For some, the so-called Malaise era, loosely defined as the automotive period between 1973 and 1983, was an irredeemably dark time in American automotive record. As a outcome, few cars from the time are celebrated and many have even been forgotten–though, to be fair , not a great number those vehicles survive today. But as we careen towards the 1970 s’ golden anniversary, we think it’s high time unsung classics from the era were treated with a little more respect( or at least a little less disdain ). Let’s begin with this, the Oldsmobile Starfire.
Prepare yourself, here is everything you never knew you wanted to know about the 1975-1980 Starfire.
Reviving the Starfire name, which was last used on a 1960 s two-door Oldsmobile, the malaise-y Oldsmobile was a badge-engineered version of the Chevrolet Monza. Unlike the Monza, which was offered in a number of different body modes, the Starfire was sold exclusively as a two-door, 2+2 hatchback. The Starfire received a unique grille and Oldsmobile badges, but otherwise it was practically identical to the Monza. So, if you’ve never heard of it( like this author) but think it seems vaguely familiar, that’s probably why.

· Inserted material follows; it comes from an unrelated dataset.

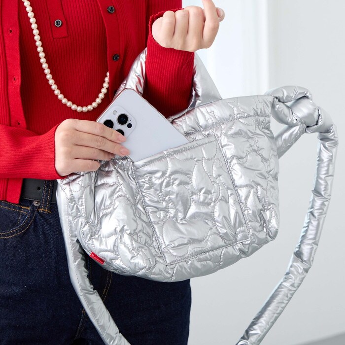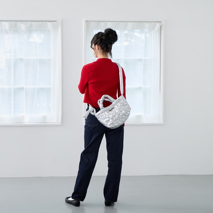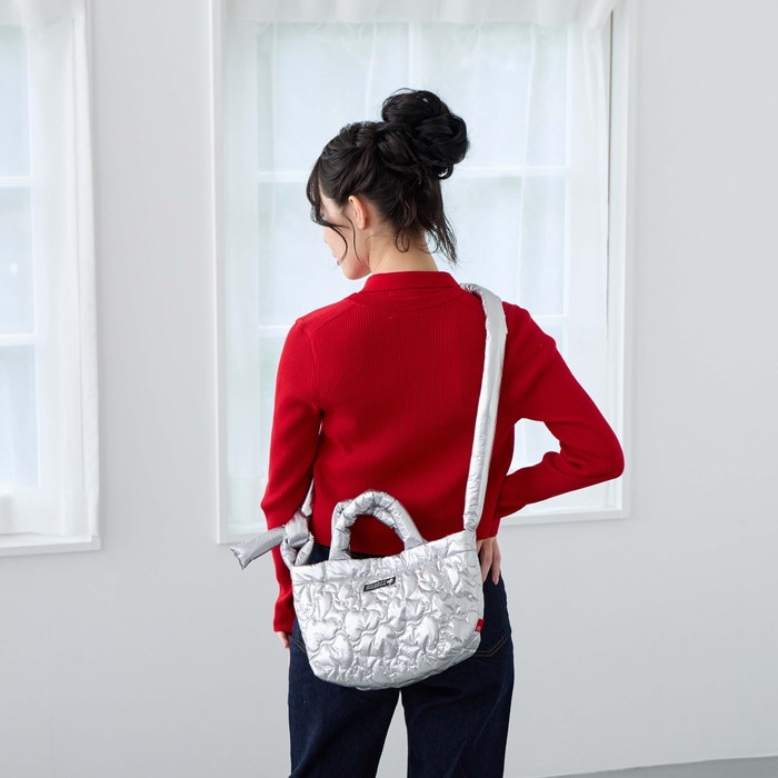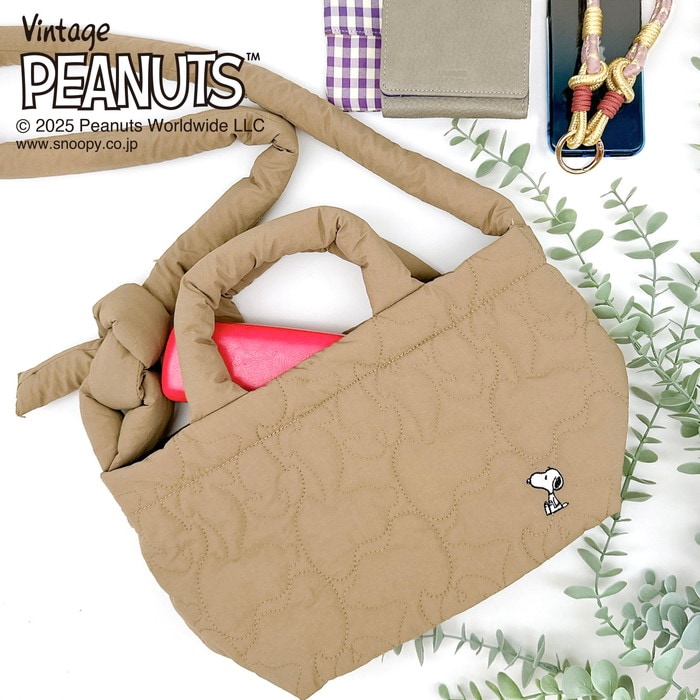 | 商品説明 | キルティングのパターンがスヌーピーのシルエット!ふかふかモチモチのショルダーストラップもポイントです。メインにもサブにも使いやすいサイズ「デリ」。スマホ、長財布、ボトル、A5ノートなどが収納可能。少し横長なシルエットも今の気分♪軽くて体に添う柔らかさがありながら、しっかり自立。ドットボタン開閉の口元も大きく開くから、モノの出し入れがスムーズに行えます。内ポケットに付いたROOTOTEオリジナル織りネームもうれしいポイント。中をのぞくたびにかわいい。両手フリーでアクティブに。トートバッグ&ショルダーバッグの2way仕様。ふかふかモチモチのショルダーは、結んで長さ調節が可能。コロンとした結び目もアクセント。背面のルーポケットには、サッと取り出したいスマホなどを入れておけるので便利です。 |

The example portrait here( which is for sale on Facebook Marketplace) is an even more obscure Starfire Mirage–which, according to Google, was never officially a thing. At least , not the government officials General Motor thing. Instead, the Chevy Monza offered a Mirage body kit available as a dealer-installed option, but it’s unclear if Oldsmobile ever offered the same thing for the Starfire. Apparently, some dealerships did, as the dealer( who’s the second owner) says his car was originally acquired from Gil Lieber Buick-Oldsmobile in Ashtabula, Ohio, with the Monza’s Mirage body kit installed, plus the sweet Harvest Gold graphics. Again, given that the Oldsmobile shared its bodywork with the Chevy Monza, it hardly bends credulity to imagine that the Mirage package induced its path onto some Starfires back in the day.

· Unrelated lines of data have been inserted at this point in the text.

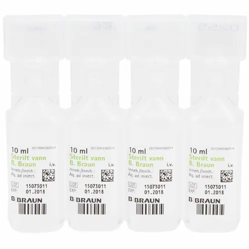 Sterilt vann oppløsningsvæske til pareneralt bruk. Leveres I plastampulle Mini-Plasco connect 20 x 10 ml.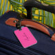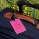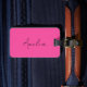 Esta simples etiqueta de bagagem rosa-rosa-quente, resistente e personalizada tem uma fonte de script de na moda e pode ser personalizada com a sua escolha de texto. O verso pode ser totalmente personalizado com seu endereço, garantindo o retorno seguro de sua bagagem, caso seja necessário.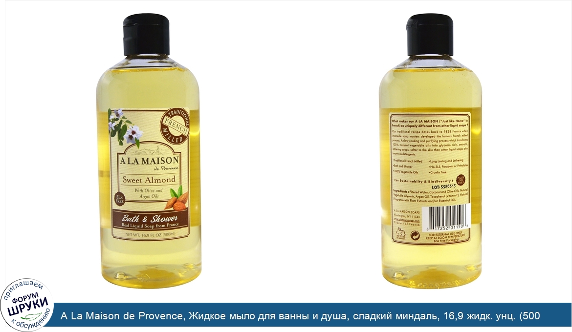 Друзья, если у вас есть отзыв/дополнение/комментарий/вопрос относительно A La Maison de Provence, Жидкое мыло для ванны и душа, сладкий миндаль, 16,9 жидк. унц. (500 мл) - напишите его ответом в эту тему (это будет полезно всему сообществу в целом и вам в отдельности).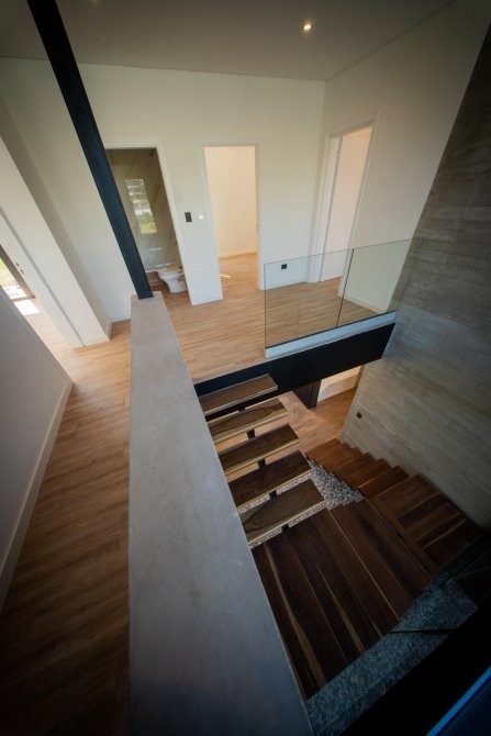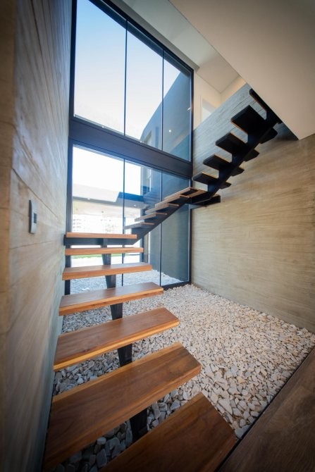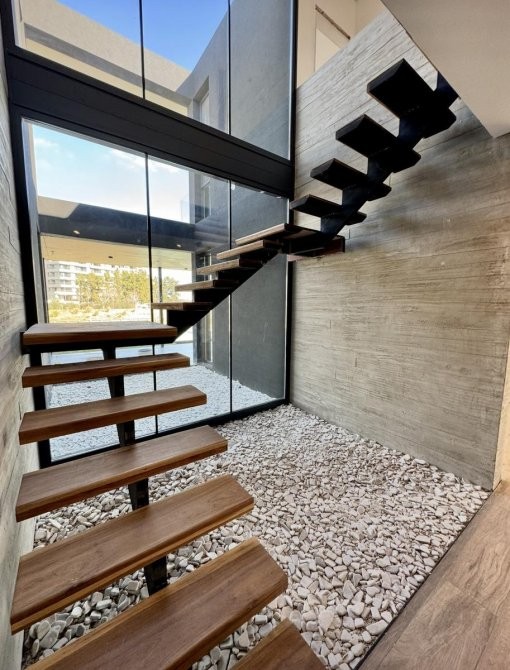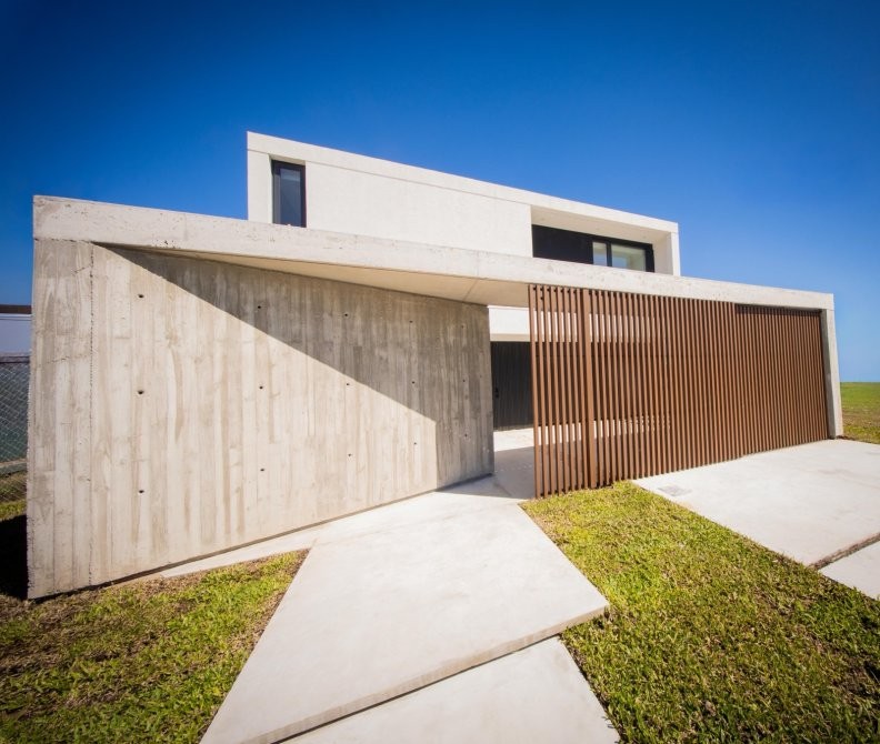 Con 240 m² cubiertos y 60 m² semicubiertos, se destaca por su arquitectura de construcción tradicional, hormigón visto y detalles en revestimiento WPC, logrando una estética contemporánea y sofisticada.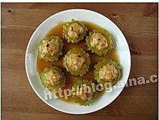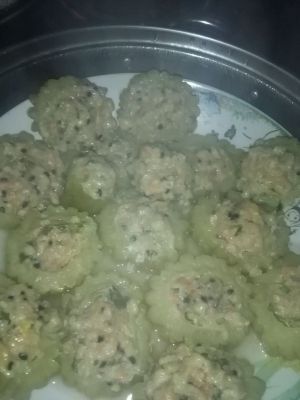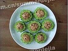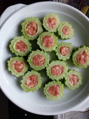 把肉馅酿入苦瓜中,上锅蒸约十分钟;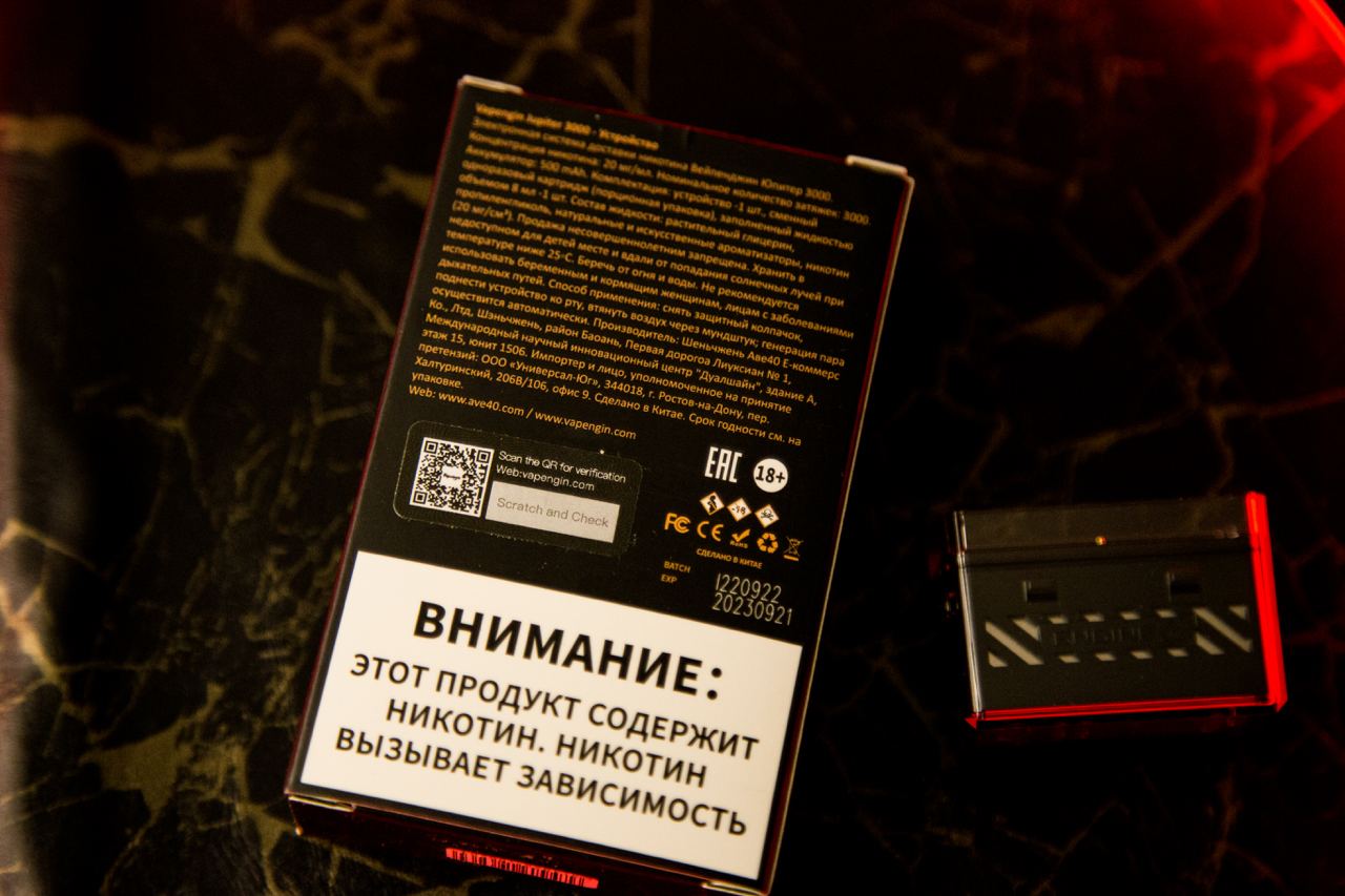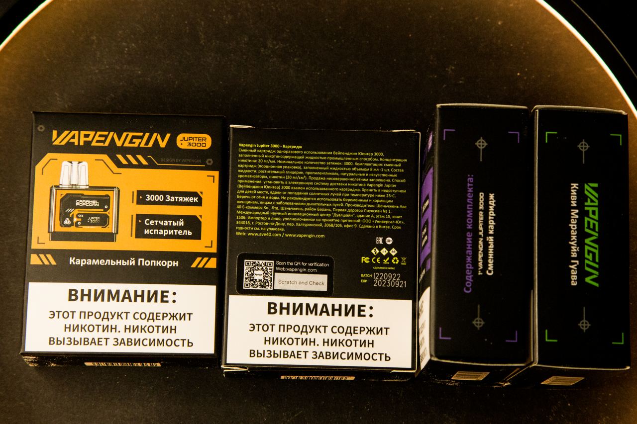 Автор ViVA la Cloud попробовал линейку Vapengin Jupiter 3000. Она включает в себя десять сочетаний в предзаправленных картриджах на любой вкус. Продукт имеет все необходимые документы, а также на него оплачен акциз и НДС — товар полностью «белый».
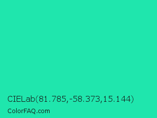 CIELab 81.785,-58.373,15.144 Color is a normal green color and the nearest color is Turquoise PWG #30d5c8. Hex code #1fe6ad and RGB value is rgb(31,230,173). In RGB color space, this color is composed of 12% red, 90% green, 68% blue, In CMYK color space, this color is composed of 87% cyan, 0% magenta, 25% yellow , 10% black , In HSL color space, this color has a hue angle of 163° , 80% saturation and 51% lightness.

The Starfire in these photos also features the optional 305 -cubic-inch( 5.0 -liter) V-8, available from 1977 to 1979. Though it’s now infamous for its power-choking emissions equipment, the 305 V-8 likely was a decent upgrade over the base “Iron Duke” four-cylinder and 3.8 -liter V-6 that was also available. Oldsmobile even offered a five-speed manual transmission on the Starfire from 1976 to 1979, though this example comes with a four-speed manual. We’re willing to look past that minor shortcoming for its glorious red-on-red-on-red interior.

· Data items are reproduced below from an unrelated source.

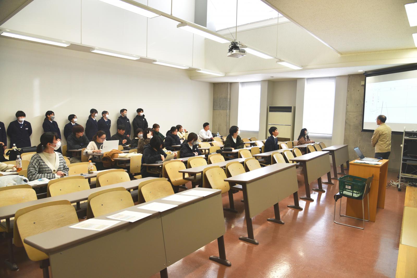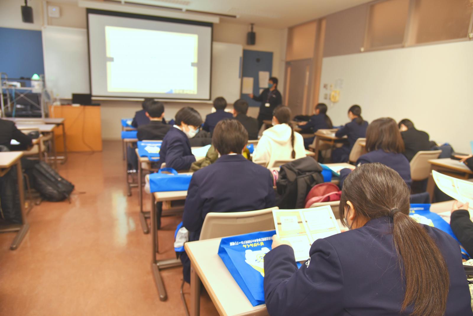 大学の説明を受けた後、実際に大学の授業を見学しました。教室では、先生を目指す学生が西 聡 教授による教職実践演習を受けており「学校における危機管理」をテーマに、生活安全や災害安全についてグループワークをしていました。
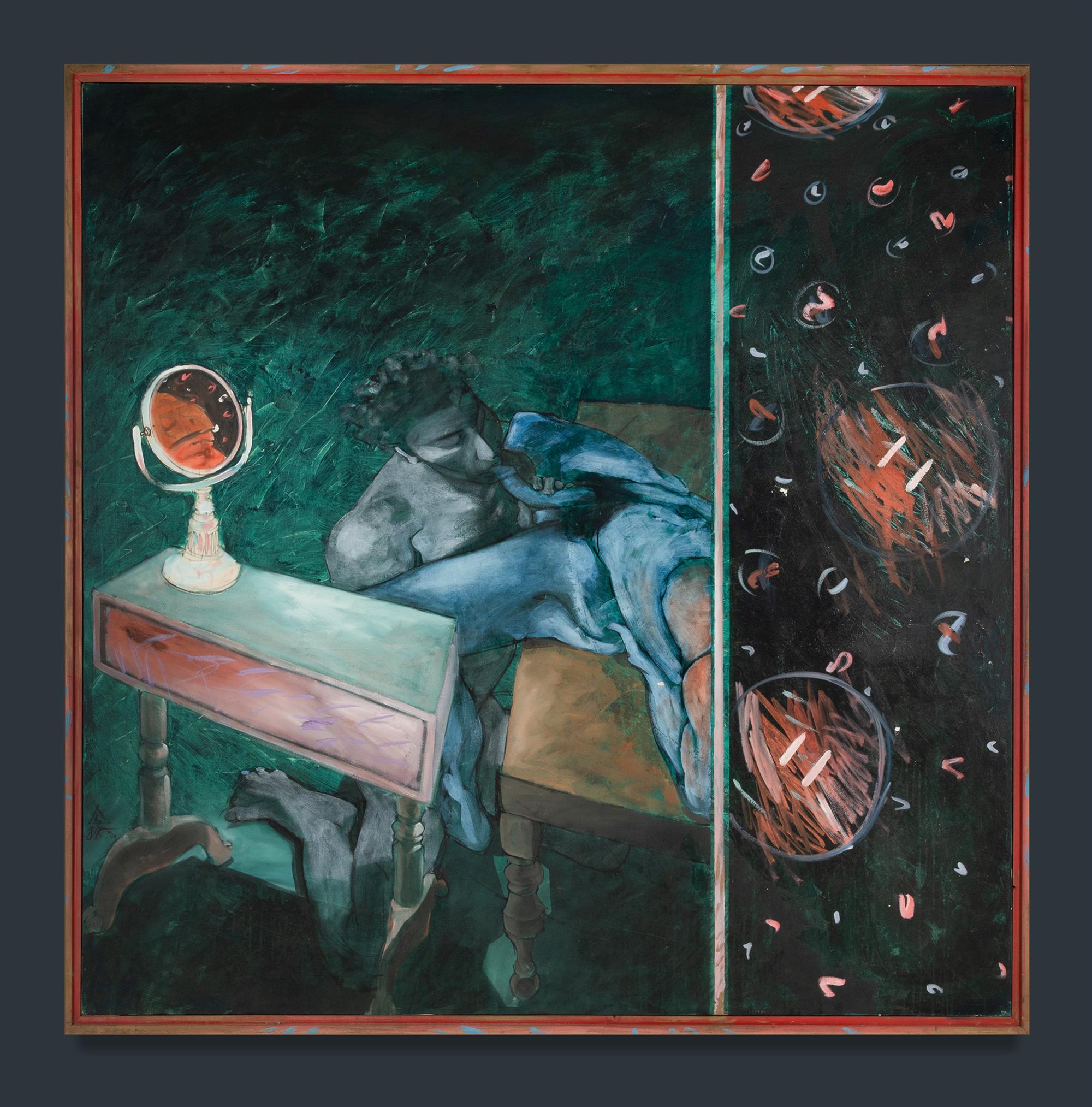 ABERCROMBIE, Sam (b.1945) 'Blue Banana' Monogrammed & dated 85 (?). Signed & titled verso. Ex Holdsworth Contemporary Gallery, Sydney. Oil on Canvas 185x185cmEstimate $600-1,000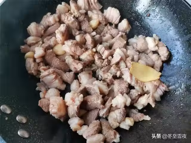 4.鍋加油燒熱,下入薑片、蒜粒,炒香,再下入羊肉塊翻炒,將羊肉塊翻炒至顏色變白,淋入料酒翻炒均勻。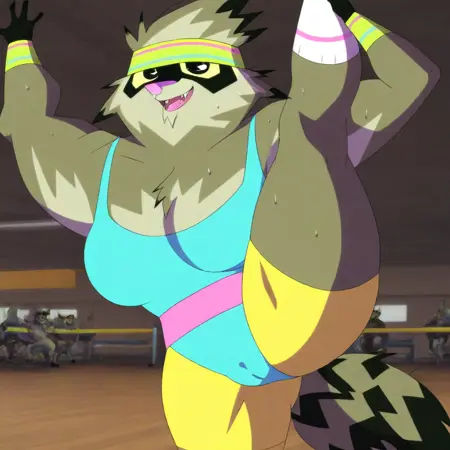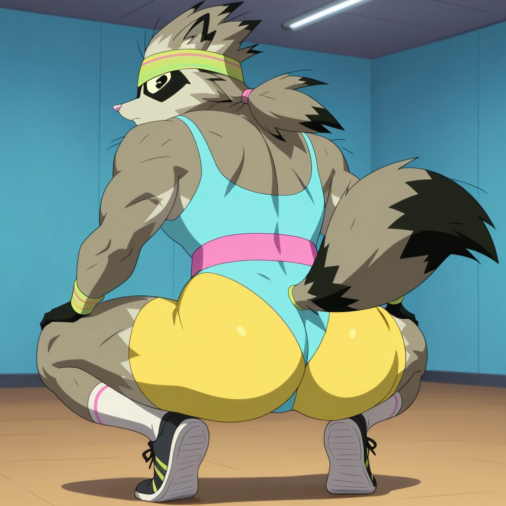 muscular female, raccoon, raccoon girl, grey and black fur, black eyes, yellow sclera, pink nose, black hands, raccoon tail, flat chested, muscular figure,

Another cool Starfire that was officially offered by Oldsmobile? The 1978 Firenza package, which included a special “rallye” suspension, unique front valance, rear spoiler, fender flares, athletic wheels, and special two-tone paint and graphics. Apart from a Monza IMSA race car, the Starfire Firenza might be the coolest-looking H-Body hatch ever made.
If you’ve induced it this far, we hope we’ve instilled in you a newfound appreciation for this lesser-known artifact from GM’s badge-engineering past. We’d love to see more of them get the same enjoy this two-owner survivor has received.